Europa pakt pelgrimage op

De contouren van de pelgrimage, waartoe de Wereldraad oproept in de periode 2014 – 2021, worden steeds duidelijker. De Wereldraad zelf faciliteert het proces, verricht lobby-werk in dat kader, verbindt nuttige initiatieven wereldwijd met elkaar en probeert er een gezamenlijke profiel aan te geven.

Dr. Hielke Wolters, plaatsvervangend secretaris-generaal van de Wereldraad, was vrijdag 23 mei in Egmond bij de Europese raden van kerken om een toelichting op de voortgang van de pelgrimage te geven. Hij legde uit dat het gezamenlijk oppakken van hetzelfde thema en het per regio een eigen contextualisering maken de oecumene als zodanig een steviger profiel kan geven. De pelgrimage kan de strategie versterken, een eigen getuigenis oproepen, bemoedigen, relaties uitbouwen en een eigen communicatie geven.

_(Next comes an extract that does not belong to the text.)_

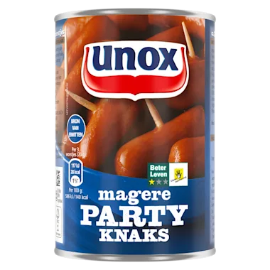 Unox Magere Party Knaks zijn perfect bij de borrel of als traktatie op een feestje. Al sinds 1937 worden de knakworsten van Unox volgens traditioneel slagersrecept gemaakt in het Brabantse Oss. Voor het maken van de Unox Magere Party Knaks worden alleen die ingrediënten gebruikt die nodig zijn om een lekkere, sappige knakworst te maken. Daarom zijn de Unox Magere Party Knaks bereid met varkensvlees met het Beter Leven-keurmerk 1 ster en met de unieke Unox-kruiding, die bestaat uit met zorg geselecteerde specerijen. Deze magere knakworstjes bevatten 35% minder vet dan een normale knakworst. Hierbij worden geen toegevoegde smaakversterkers gebruikt. Unox Knaks zijn al jarenlang de favoriete snack van Nederland - lekker op een broodje of gewoon uit het vuistje! Wist je dat onze klassieke Knaks een uitstekende bron van eiwitten zijn? Iedereen kan genieten van de vertrouwde, hartige smaak die zo geliefd is bij zoveel mensen in Nederland.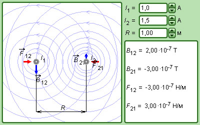Закон Био–Савара. Теорема о циркуляции Ампер – сила неизменяющегося тока, который при прохождении по двум параллельным проводникам бесконечной длины и ничтожно малого кругового сечения, расположенным на расстоянии 1 м один от другого в вакууме, вызвал бы между этими проводниками силу магнитного взаимодействия, равную 2·10–7 Н на каждый метр длины.

Hielke Wolters vertelde dat men bewust voor het woord pelgrimage heeft gekozen. Aanvankelijk zong het woord ‘decade’ rond, zoals destijds bij de decade tegen geweld. Nadeel van dat woord is het profane gebruik. Daarmee is het onvoldoende onderscheidend. Een pelgrimage brengt de hoorder onmiddellijk in het eigen jargon van de kerken en daar is wereldwijd behoefte aan. ‘We merken dat bij de Verenigde Naties’, vertelde Hielke Wolters. ‘Men zoekt contact met ons en vraagt expliciet om niet het vocabulair van de NGO’s (niet-gouvernementele organisaties) te gebruiken, maar om als kerken te praten vanuit onze eigen spiritualiteit’.

De pelgrimage probeert de kerken voorbij de spagaat te brengen van enerzijds de onderlinge eenheid en anderzijds de sociale programma’s. Er is sprake van ‘een pelgrimage van gerechtigheid en vrede’. Dat is iets anders, aldus Wolters, dan ‘een pelgrimage voor….’ of ‘een pelgrimage in de richting van….’. Het eerste is alleen juist en dat maakt duidelijk wie de eigenaar van het proces is. Dat is niet de Wereldraad, dat zijn niet de lidkerken, dat zijn de zaken van gerechtigheid en vrede. Zij bepalen de aard van de pelgrimage. Wolters citeerde in dit verband psalm 85: 11, waar staat dat gerechtigheid en vrede elkaar begroeten met een kus.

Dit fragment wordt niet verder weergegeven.